Verified working: April 2026 on GKE Autopilot 1.35.1-gke.1396002, Regular channel, europe-west1, Terraform 1.12
Autopilot vs Standard: When to Choose What
The choice depends on how much node-level control you actually need. Here is a comparison based on real production usage:
| Criteria | Autopilot | Standard |
|---|---|---|
| Node management | Fully managed by Google | You manage node pools |
| Pricing model | Per-pod CPU/memory/GPU + $0.10/hr management | Per-node VM cost + $0.10/hr management |
| Free tier | $74.40/mo management fee credit | One zonal cluster free (no management fee) |
| DaemonSets | Not supported | Supported |
| Privileged containers | Not allowed | Allowed |
| Node SSH | Not available | Available |
| Resource requests | Required on every container | Optional (but recommended) |
| Min pod resources | 250m CPU, 512Mi memory | No minimum |
| Workload Identity | Always enabled, cannot disable | Optional |
| Scale to zero | Yes (nodes disappear when no pods) | Min 1 node per node pool |
| Best for | Stateless apps, APIs, batch jobs | Stateful workloads, custom node configs, GPU ML |
For a detailed breakdown of GKE pricing components, including egress, persistent disks, and load balancers, see our GCP costs guide.
Prerequisites
- A GCP project with billing enabled
- Terraform 1.5+ and the
gcloudCLI installed container.googleapis.comandcompute.googleapis.comAPIs enabled- IAM permissions:
roles/container.admin,roles/compute.networkAdmin,roles/iam.serviceAccountAdmin - Tested on: Terraform 1.12, google provider 6.x, GKE 1.35.1
Enable the required APIs:
gcloud services enable container.googleapis.com compute.googleapis.com
Create the VPC and Subnets
GKE Autopilot requires a VPC with secondary IP ranges for pods and services. This Terraform configuration creates the network foundation with Cloud NAT for outbound internet access (required for private clusters) and Private Google Access so pods can reach Google APIs without a public IP.
Create vpc.tf:
resource "google_compute_network" "main" {
name = "cfg-lab-vpc"
auto_create_subnetworks = false
project = var.project_id
}
resource "google_compute_subnetwork" "gke" {
name = "cfg-lab-gke-subnet"
ip_cidr_range = "10.10.0.0/20"
region = var.region
network = google_compute_network.main.id
project = var.project_id
private_ip_google_access = true
secondary_ip_range {
range_name = "pods"
ip_cidr_range = "10.20.0.0/14"
}
secondary_ip_range {
range_name = "services"
ip_cidr_range = "10.24.0.0/20"
}
}
resource "google_compute_router" "router" {
name = "cfg-lab-router"
region = var.region
network = google_compute_network.main.id
project = var.project_id
}
resource "google_compute_router_nat" "nat" {
name = "cfg-lab-nat"
router = google_compute_router.router.name
region = var.region
project = var.project_id
nat_ip_allocate_option = "AUTO_ONLY"
source_subnetwork_ip_ranges_to_nat = "ALL_SUBNETWORKS_ALL_IP_RANGES"
log_config {
enable = false
filter = "ERRORS_ONLY"
}
}
The secondary ranges are sized generously: /14 for pods gives roughly 260,000 pod IPs, and /20 for services gives 4,096. Autopilot handles IP allocation within these ranges automatically.

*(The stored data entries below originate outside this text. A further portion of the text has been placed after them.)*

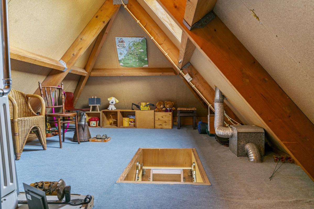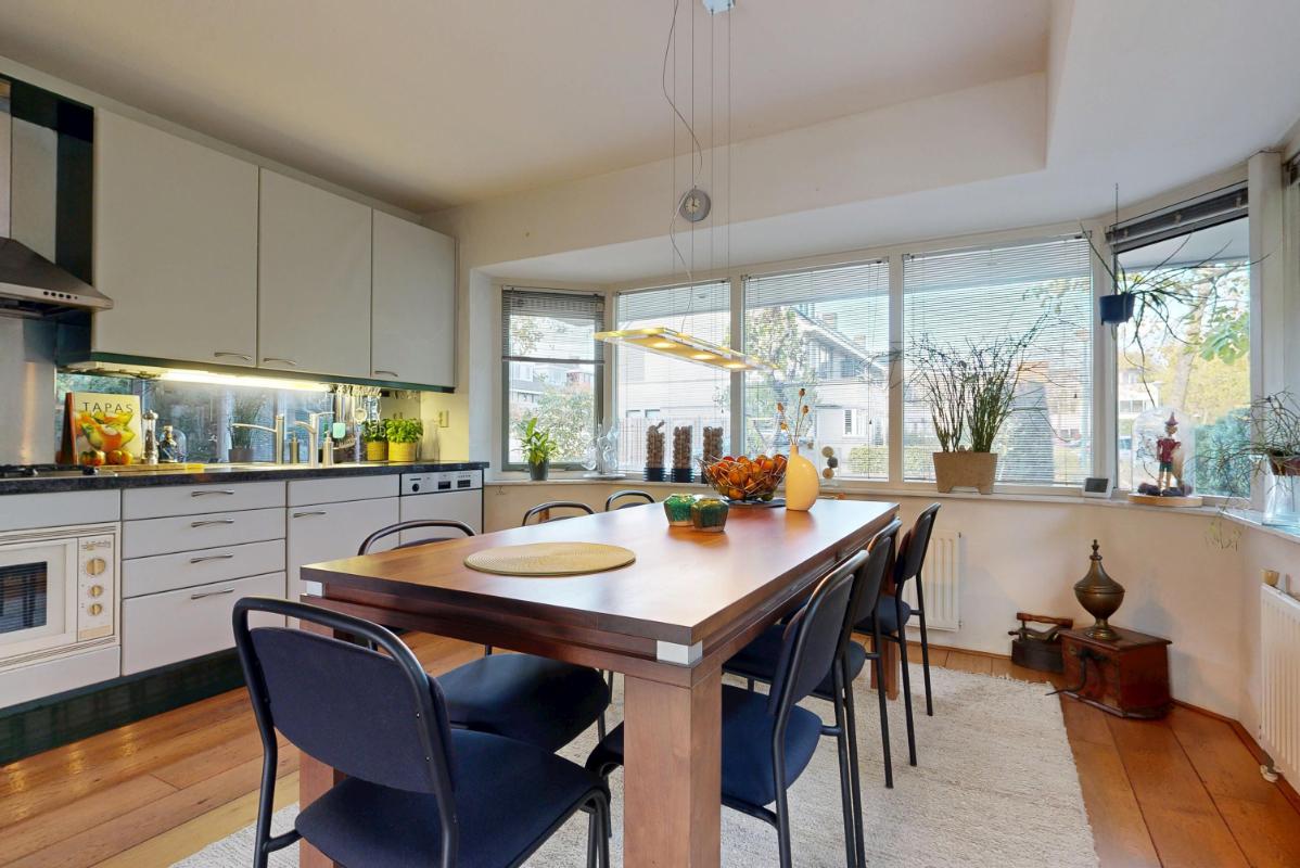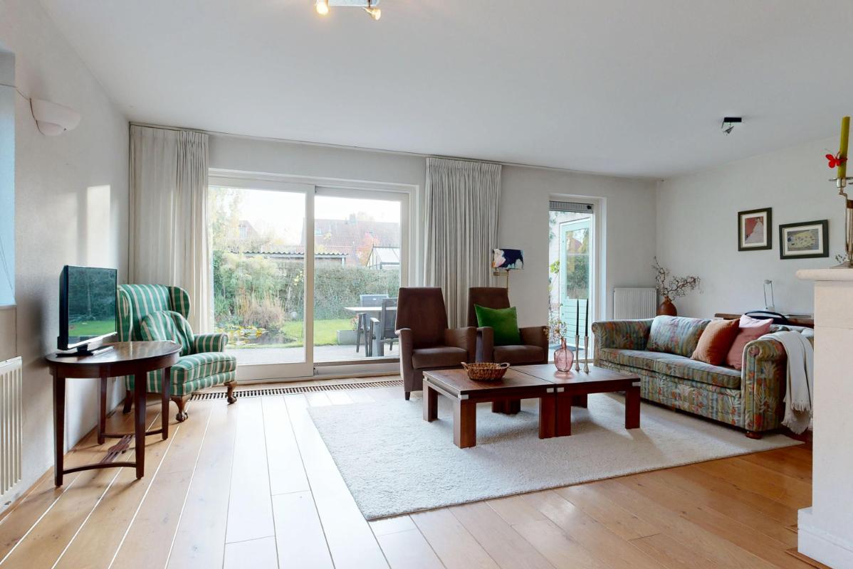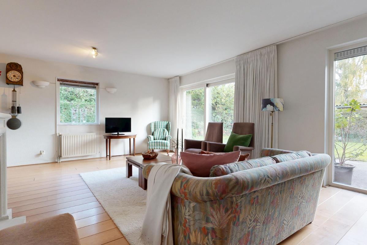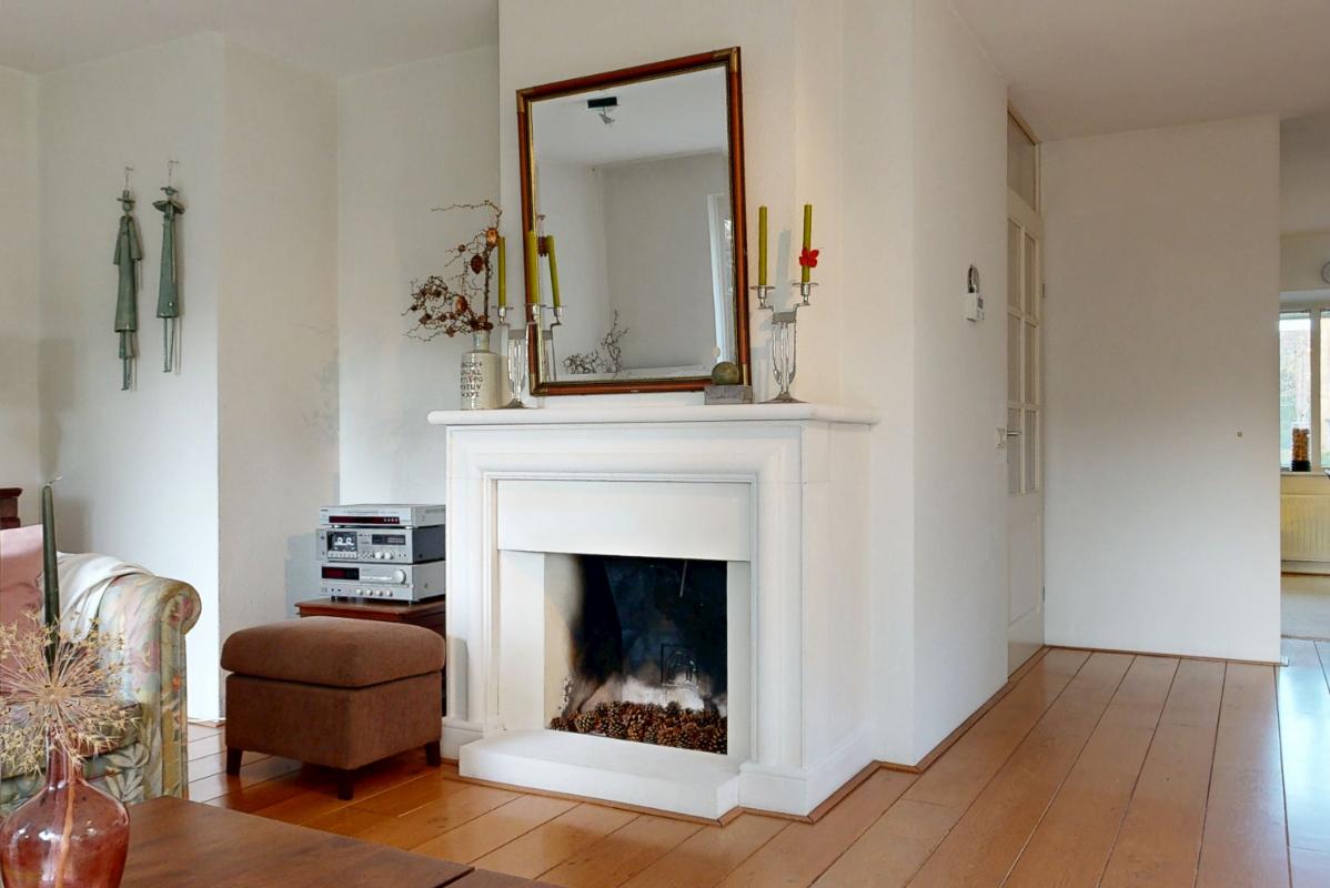 De woonkamer aan de achterzijde is ruim en sfeervol, met een open haard voor knusse avonden en een schuifpui die binnen naadloos verbindt met de tuin. Hier creëer je eenvoudig een gezellige zithoek, mede dankzij de grote raampartijen die veel licht binnenlaten. Aan de voorzijde ligt de half open keuken met inbouwapparatuur, grote ramen rondom en plek voor een ruime eettafel – een lichte, uitnodigende plek om te koken en te eten.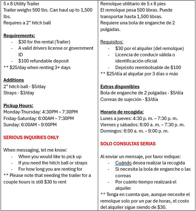 Zelle5 x 8 Utility Trailer Trailer weighs 500 lbs. Can haul up to 1,500 lbs. Requires a 2” hitch ball Requirements: $30 for the rental (Trailer) A valid drivers license or government ID $100 refundable deposit ** $25/day when renting 3+ days Additions 2” hitch ball - $5/day Straps - $3/day Pickup Hours: Monday-Thursday: 4:30PM – 7:30PM Friday-Saturday: 6:00AM – 7:30PM Sunday: 6:00AM – 9:00PM SERIOUS INQUIRIES ONLY When messaging, let me know: When you would like to pick up If you need the hitch ball or straps For how long you are renting for ** Please note that needing the trailer for a couple hours is still $30 to rent ————————————————- Remolque utilitario de 5 x 8 pies El remolque pesa 500 libras. Puede transportar hasta 1,500 libras. Requiere una bola de enganche de 2 pulgadas. Requisitos: $30 por el alquiler (del remolque) Licencia de conducir válida o identificación oficial Depósito reembolsable de $100 ** $25/día al alquilar por 3 días o más Extras disponibles Bola de enganche de 2 pulgadas - $5/día Correas de sujeción - $3/día Horario de recogida: Lunes a jueves: 4:30 p. m. – 7:30 p. m. Viernes y sábados: 6:00 a. m. – 7:30 p. m. Domingos: 6:00 a. m. – 9:00 p. m. SOLO CONSULTAS SERIAS Al enviar un mensaje, por favor indique: Cuándo desea realizar la recogida Si necesita la bola de enganche o las correas Por cuánto tiempo realizará el alquiler ** Tenga en cuenta que, aunque necesite el remolque solo por un par de horas, el costo del alquiler sigue siendo de $30.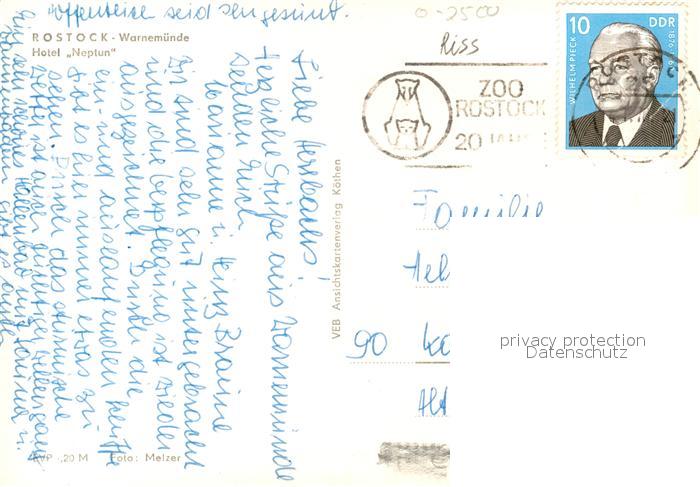 73032694 alte Postkarte Warnemuende Ostseebad Hotel Neptun postalisch gelaufen Erhaltung siehe scans [KathaD81] KatCode: 11110013003000

Create the Autopilot Cluster
Create gke.tf with the cluster definition. The key setting is enable_autopilot = true:
resource "google_container_cluster" "autopilot" {
name = "cfg-lab-gke"
location = var.region
project = var.project_id
enable_autopilot = true
network = google_compute_network.main.id
subnetwork = google_compute_subnetwork.gke.id
ip_allocation_policy {
cluster_secondary_range_name = "pods"
services_secondary_range_name = "services"
}
private_cluster_config {
enable_private_nodes = true
enable_private_endpoint = false
master_ipv4_cidr_block = "172.16.0.0/28"
}
release_channel {
channel = "REGULAR"
}
master_authorized_networks_config {
cidr_blocks {
cidr_block = "10.0.0.0/8"
display_name = "Internal"
}
cidr_blocks {
cidr_block = "0.0.0.0/0"
display_name = "Public access"
}
}
deletion_protection = false
}
A few things to note about this configuration. Setting enable_private_endpoint = false keeps the API server accessible from the internet (filtered by master_authorized_networks_config). In a production setup, you would restrict cidr_blocks to your VPN or office IP ranges. The deletion_protection = false flag allows terraform destroy to work cleanly during testing.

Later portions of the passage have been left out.